Lake County also belongs to Club 20, and of its 384 square miles, only about a dozen are on the Western Slope. The rest drains into the Arkansas River on the Eastern Slope. There's a long story behind this anomaly; it involves imprecise boundaries from 1861 and litigation with neighboring Summit County as to which would get the Climax Molybdenum Mine and its millions in property taxes.
Thus part of the border between Lake and Summit is a straight line, not the twisting Divide, and so a tiny portion of Summit County (county seat Breckenridge) is on the Eastern Slope.
And then there's the problem of defining the
Continental Divide.
When you cross 10,200-foot
Cochetopa Pass between Saguache and Gunnison, the sign at
the top says Continental Divide.
But the east side
does not drain into the Atlantic Ocean; it drains into the
Closed Basin, which has no natural outlet to any ocean.
The U.S. Bureau of Reclamation has altered that with a project that puts some Closed Basin water into the Rio Grande and eventually the Atlantic. But by that reasoning, I could be on the Western Slope, even though I live only six blocks from the east-bound Arkansas River. That's because another Bureau project puts about 60,000 acre-feet a year of Western Slope water into the Arkansas.

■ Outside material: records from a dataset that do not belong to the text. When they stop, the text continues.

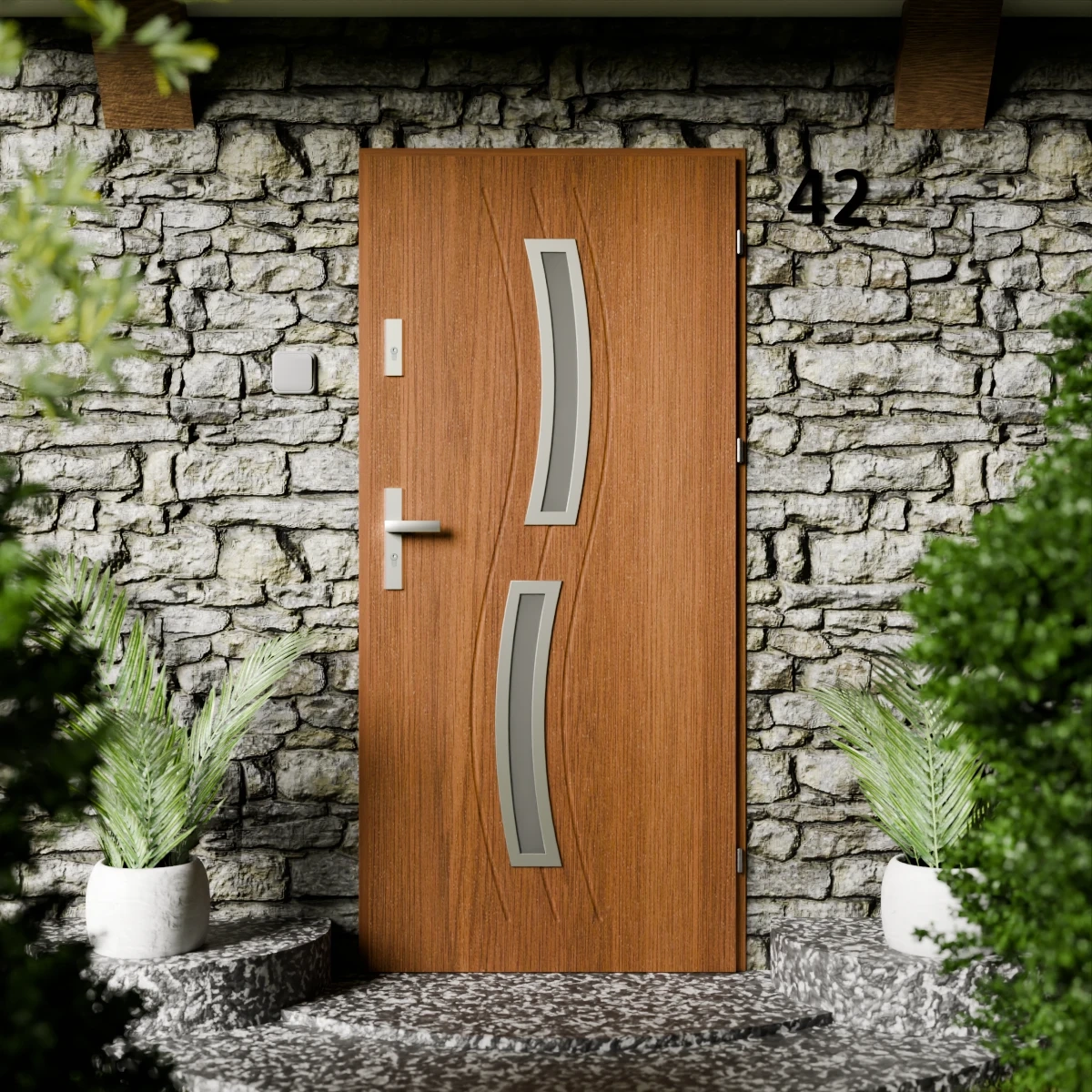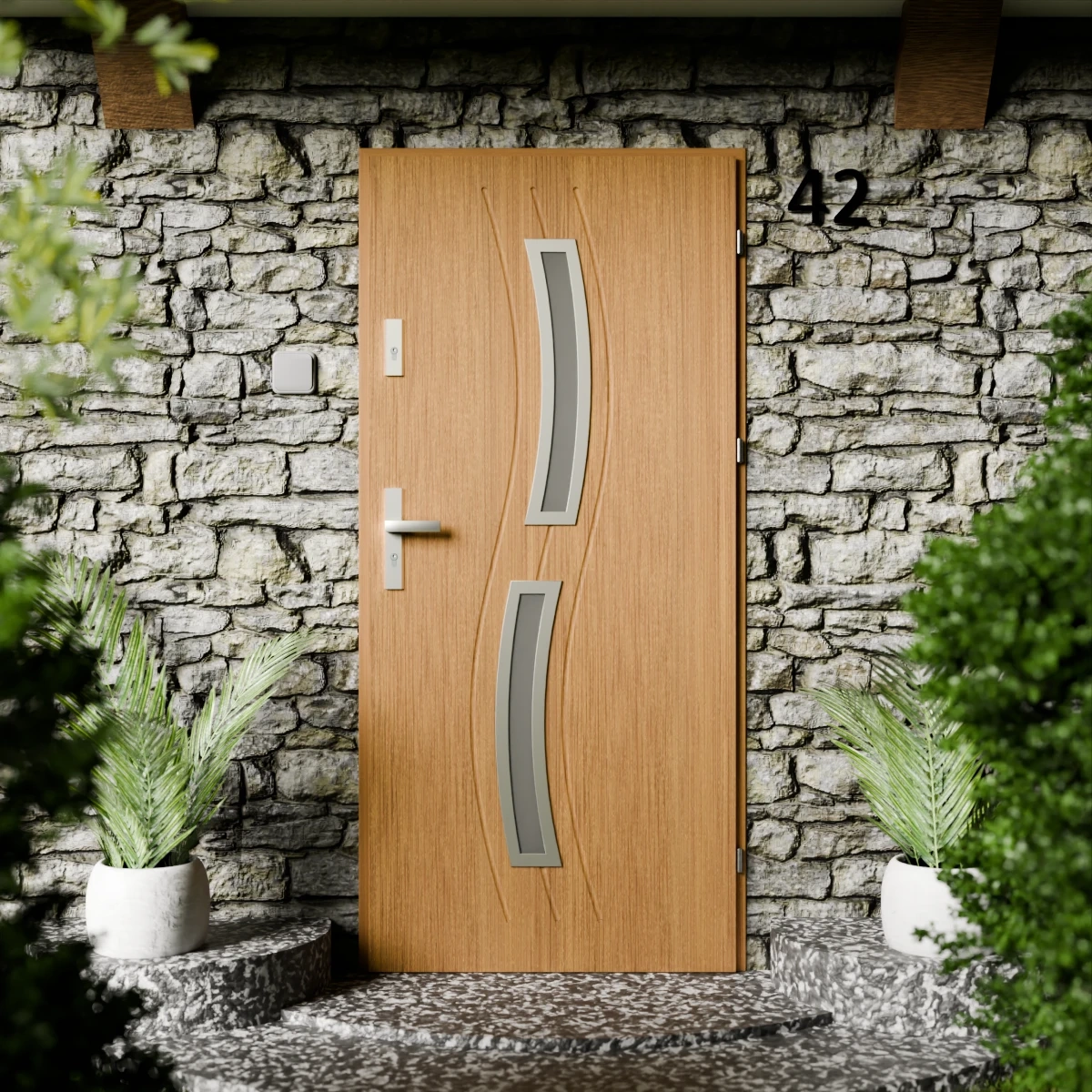 Dostępne w wielu wymiarach drzwi zewnętrzne będą idealnym wyborem nie tylko dla domów jednorodzinnych, ale także budynków wielorodzinnych, jako drzwi wejściowe zewnętrzne. Ponadczasowy design sprawdzi się zarówno w przypadku nowoczesnych nieruchomości, jak i nieco starszych obiektów, łącząc w sobie estetykę oraz niezwykłą trwałość.
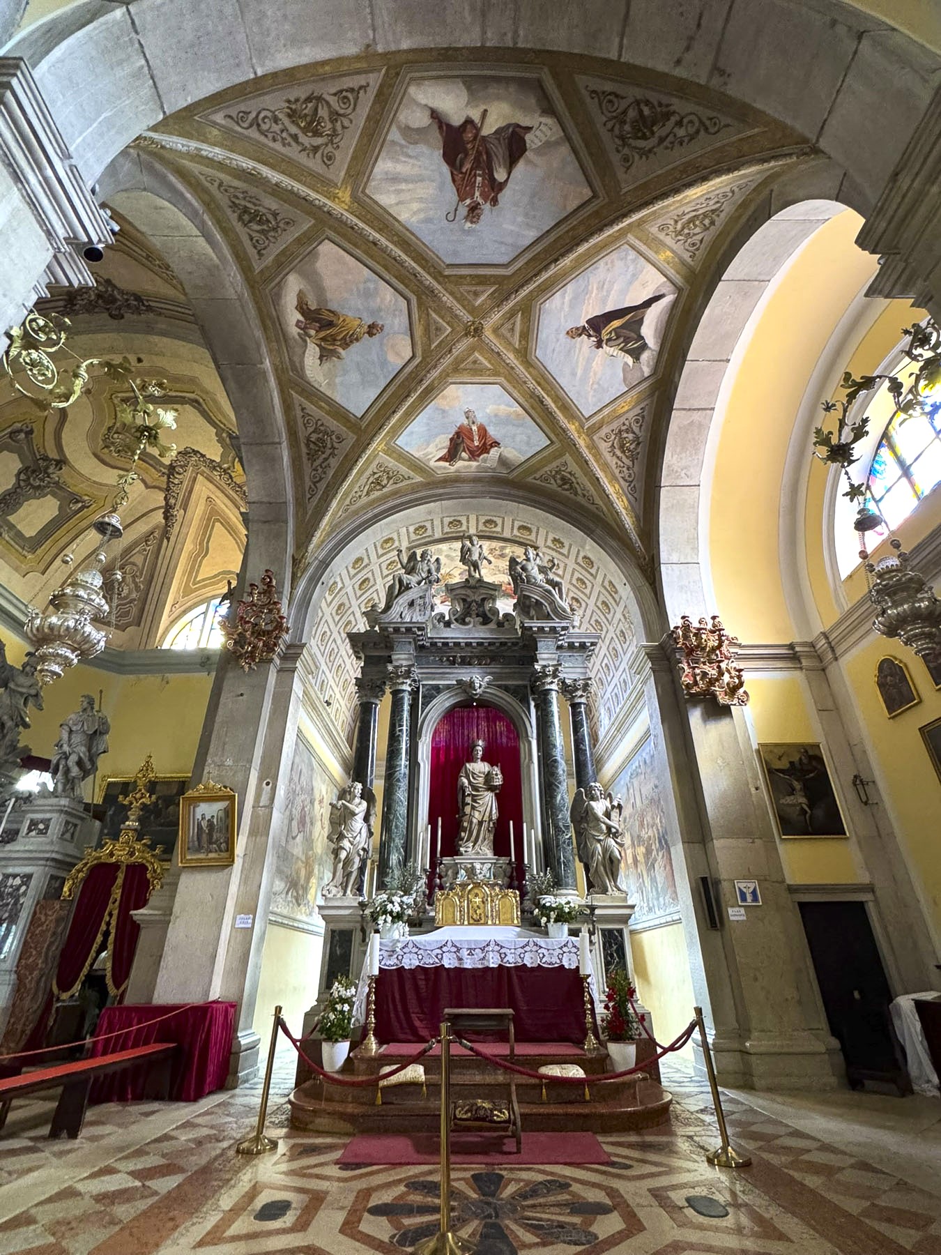 But part of the reason for the new church was to honor the miracle of St. Euphemia, a 4th century martyr, executed by the Eastern Roman Empire in Constantinople, before the empire adopted Christianity. The legend of St. Euphemia’s sarcophagus arrival to Rovinji begins during the 700s Iconoclast heresy, when Emperor Constantine V, ordered her relics thrown into the sea. One hundred years later “fishers early one morning discovered a marble sarcophagus which had floated ashore like a stone ship. The townsfolk enlisted their strongest men, horses and oxen attempted to pull the tomb off the beach, but to no avail.
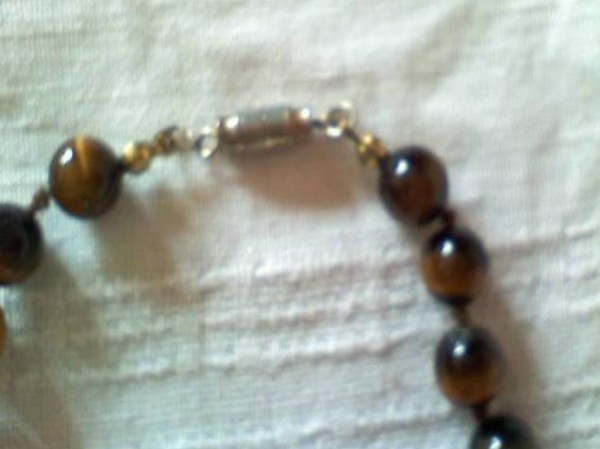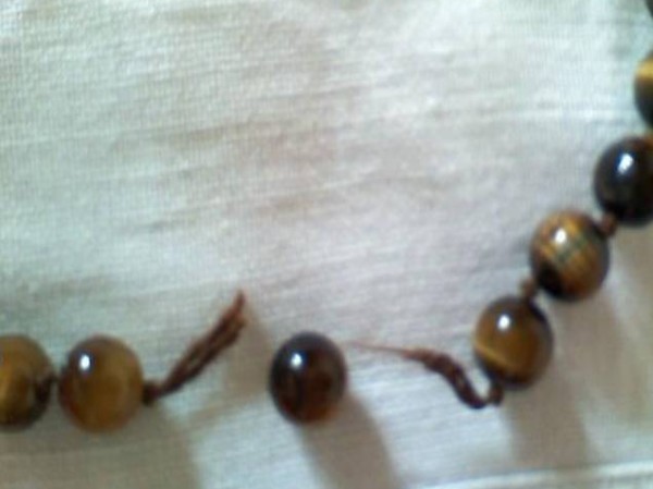 'Tigerauge', L ca 82cm, Schnur gerissen (muss neu aufgefädelt werden), Verschluss ok, guter Zustand
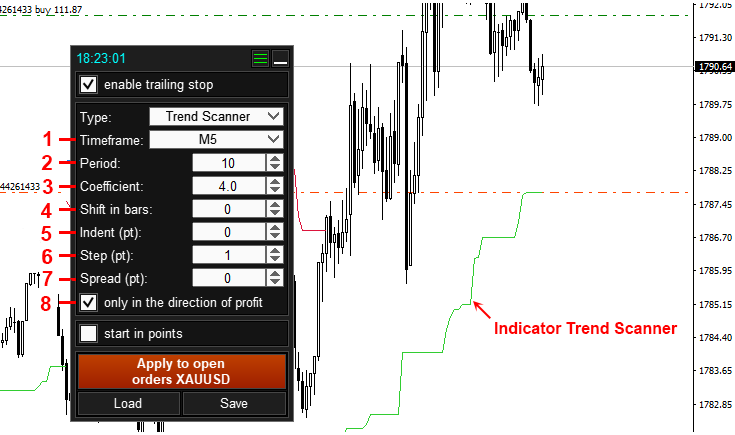 - Bar number for calculating a trailing stop using the Trend Scanner indicator (bars are numbered starting from zero and directed from right to left).
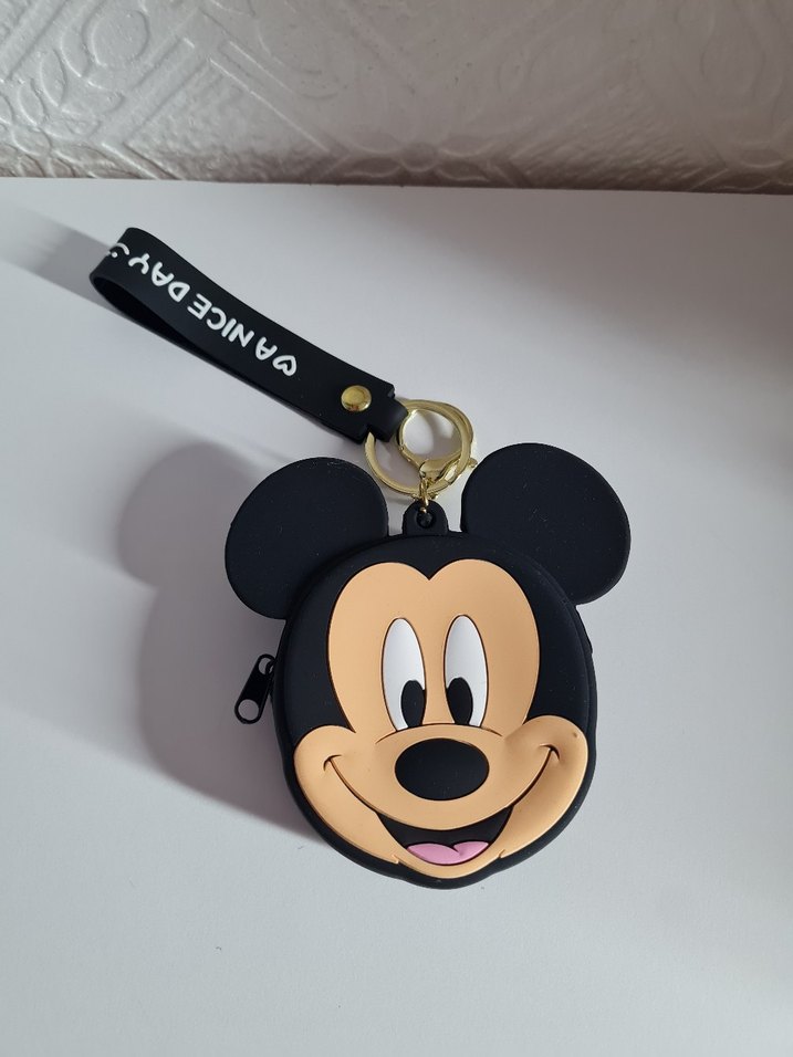 Fermuarlı, renkli Mickey Mouse yüz baskılı çocuk cüzdanı, siyah yazılı kayışla pop kültür ve eğlenceli tasarımı birleştirir.
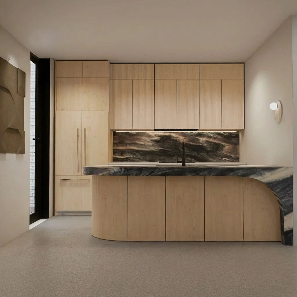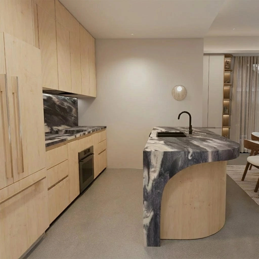 Crafted from premium countertop and splashback stones, these custom kitchen benchtops and matching splashbacks feature a refined, smooth surface with subtle natural veining that elevates any modern culinary space. Their clean, minimalist design provides versatile performance—perfect for meal preparation, kitchen islands, breakfast bars, or as a striking focal point in contemporary interiors.
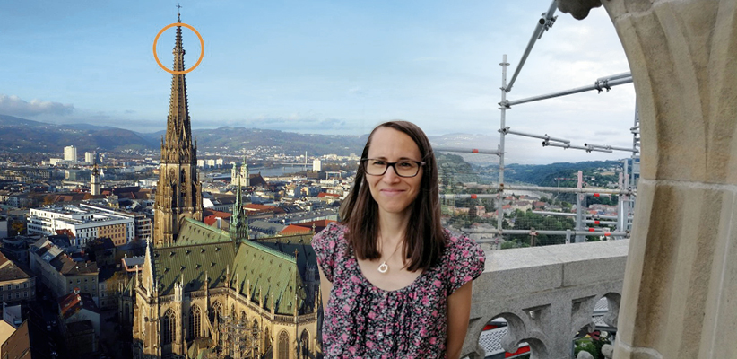 "Heute"-Reporterin Claudia Ruzmarinovic in 112 Metern Höhe am Linzer Mariendom.
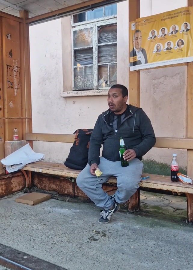 A man is sitting on a wooden bench at what appears to be a bus stop. He is holding a bottle of beer in his right hand and a piece of food in his left, which he is eating. He takes a drink from the bottle. Next to him are a black backpack, a bottle of Coca-Cola, and some wrappers. The bus stop has a rusty, worn appearance. Behind the bench is a building with a boarded-up window and a poster featuring political candidates. The concrete floor of the bus stop has debris scattered around it. The video is shot in daylight.
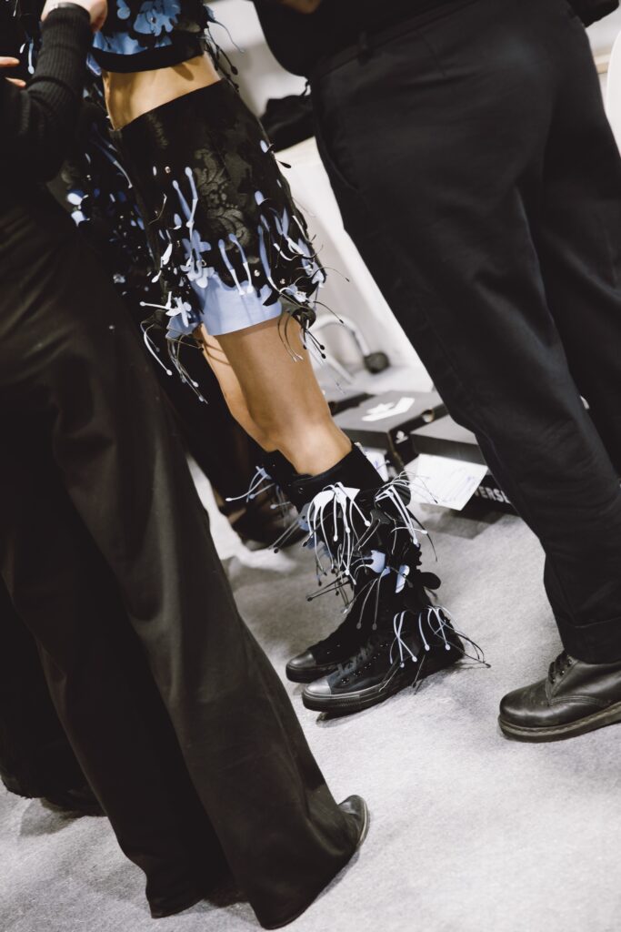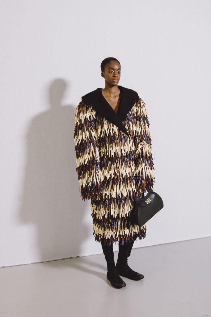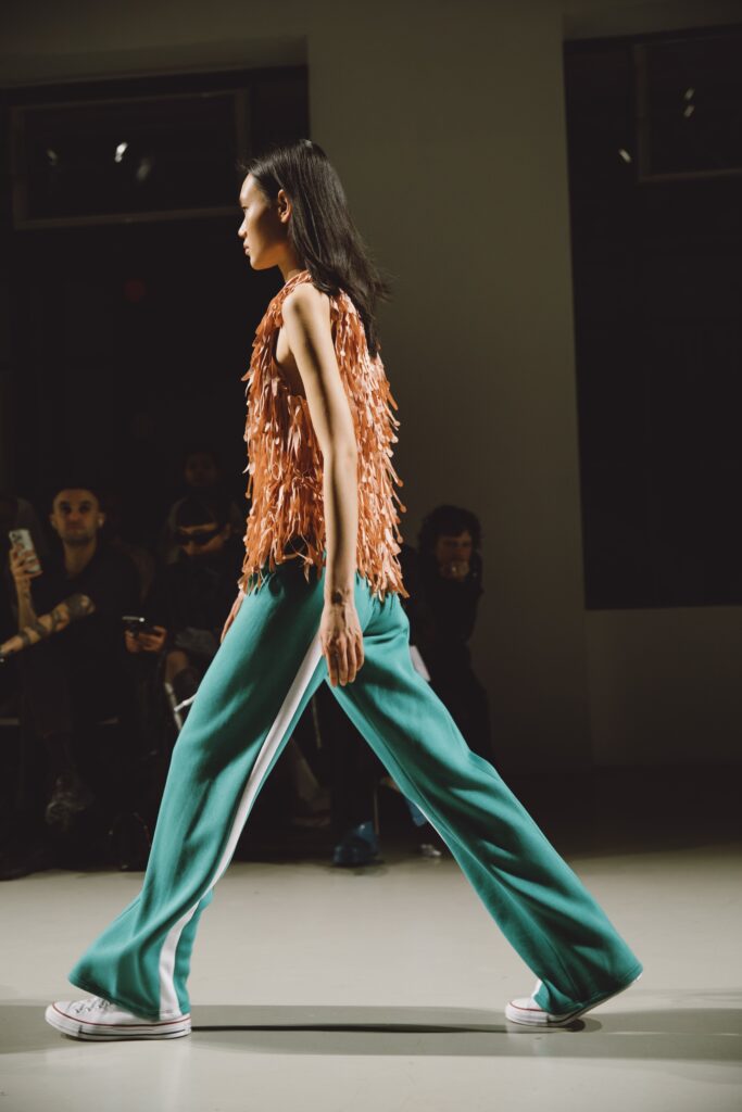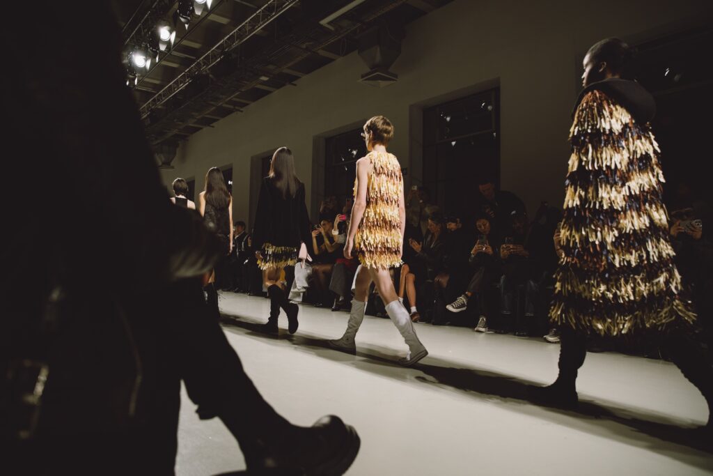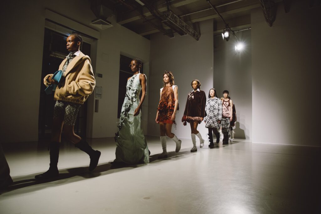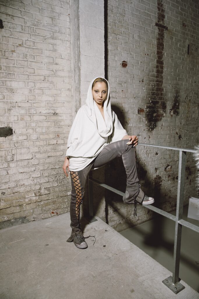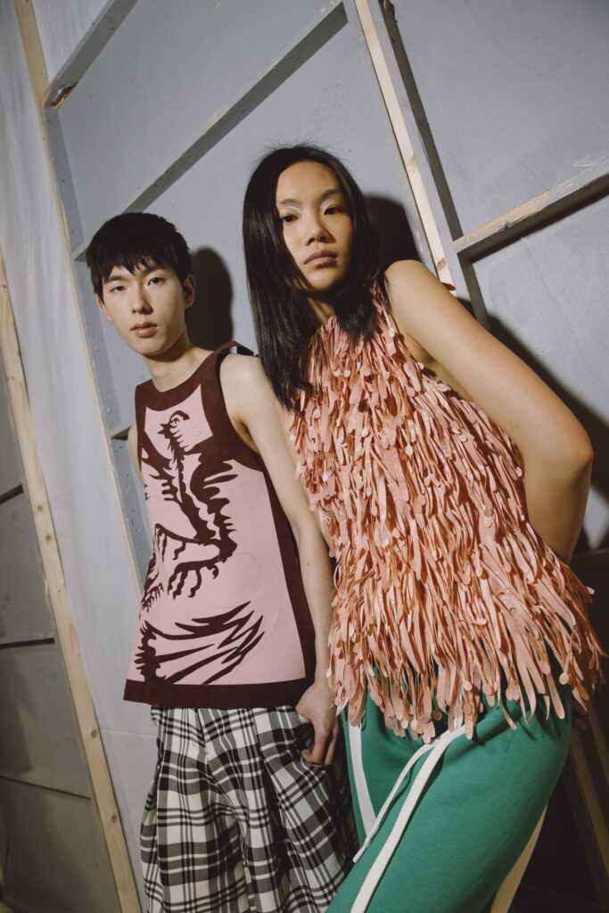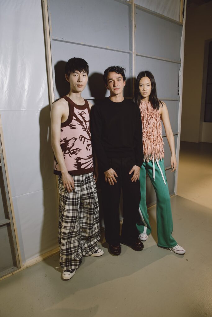La collection « Futurs Memories » d’Alphonse Maitrepierre explore brillamment les frontières temporelles, fusionnant nostalgie et modernité. Elle juxtapose habilement des pièces structurées à des silhouettes plus décontractées, accentuant l’audace créative grâce à l’intégration stratégique des emblématiques chaussures Converse. Techniques modernes et matériaux recyclés comme les découpes laser précises, broderies raffinées et tissus upcyclés soulignent l’engagement de Maitrepierre pour une mode durable et éthique.

So the Continental Divide can be hard to define. In an
economic and cultural sense, the north-south divides like
Monument Hill between Denver and Colorado Springs can be at
least as significant. Club 20, the voice of the Western
Slope,
includes several counties with Eastern Slope
drainage, and doesn't include some with Western Slope
drainage.
Perhaps it's time to quit paying so much attention to the Continental Divide -- it's just another ridge, after all, and in a lot of ways, from politics to hydrology, it doesn't mean that much any more.